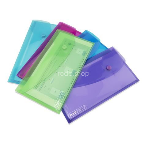 Irattartó tasak, DL, patentos, RAPESCO Eco, áttetsző vegyes színek DL méretével ideálisan használható az irodában, otthon vagy iskolában. -kapacitás: 50 lap -tolltartó a fedlap alatt -méret: 225 x 124 mm (szé x ma) -100%-ban újrahasznosított poli
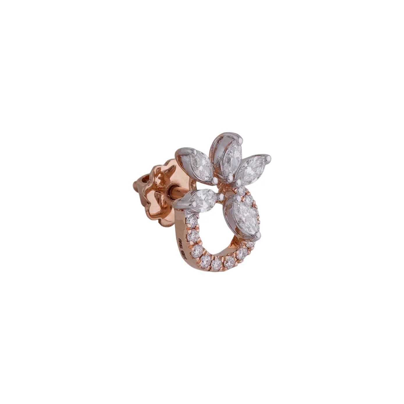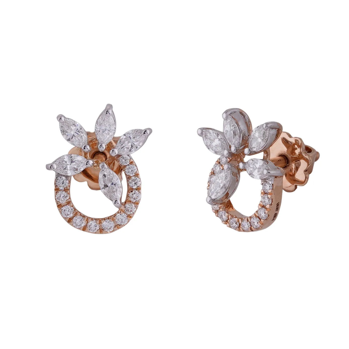 Adorn yourself with the exquisite elegance of our flower-shaped diamond earrings studded on 18k Rose Gold. Each earring features a radiant marquise-cut diamond at its heart, delicately encircled by a brilliant ring of smaller diamonds. This unique design captures the beauty of nature's bloom while exuding a timeless and captivating sparkle, making these earrings a perfect blend of sophistication and charm.
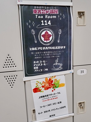 10月25日(金)、26日(土)の2日間、第56回中高部楓祭が開催され、東光会は「東光会の部屋」を催しました。 今年はメイプルフェスティバル2024を控えていたことから、お茶とお菓子のご提供は無しとさせて頂きました。
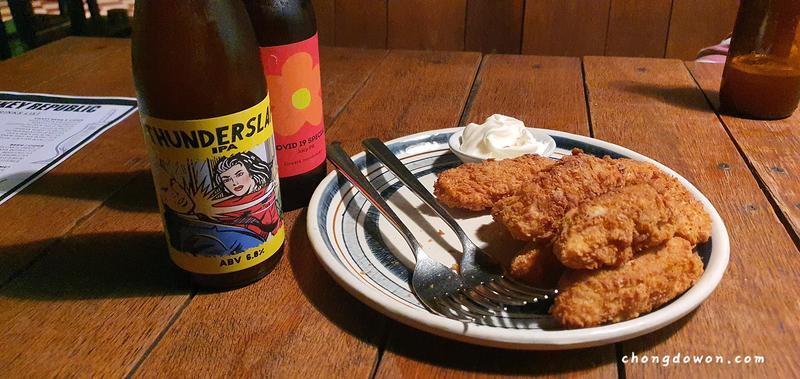 맥주 한잔 하려고 찾아간 곳인데 수제맥주가 있다. 맥주 맛이 특색있고 할랴피뇨+치즈 튀김이 안주로 아주 잘 어울린다. 실내에서 흡연이 가능해서 조금 불편하다.
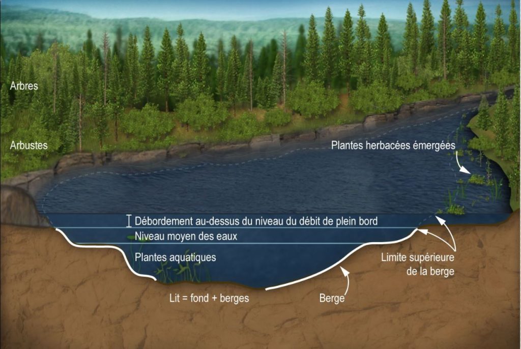 La berge comprend la zone inondable occupée par un cours d’eau ou un lac lorsque celui-ci déborde de son lit.

__________

Work instruction: Go back to the listing above and reproduce, exactly, the stretch from the line bearing "10月25日(金)、26日(土)の2日間" through the line bearing "맥주 한잔 하려고 찾아간", without its pictures.

Finished task:
 10月25日(金)、26日(土)の2日間、第56回中高部楓祭が開催され、東光会は「東光会の部屋」を催しました。 今年はメイプルフェスティバル2024を控えていたことから、お茶とお菓子のご提供は無しとさせて頂きました。
 맥주 한잔 하려고 찾아간 곳인데 수제맥주가 있다. 맥주 맛이 특색있고 할랴피뇨+치즈 튀김이 안주로 아주 잘 어울린다. 실내에서 흡연이 가능해서 조금 불편하다.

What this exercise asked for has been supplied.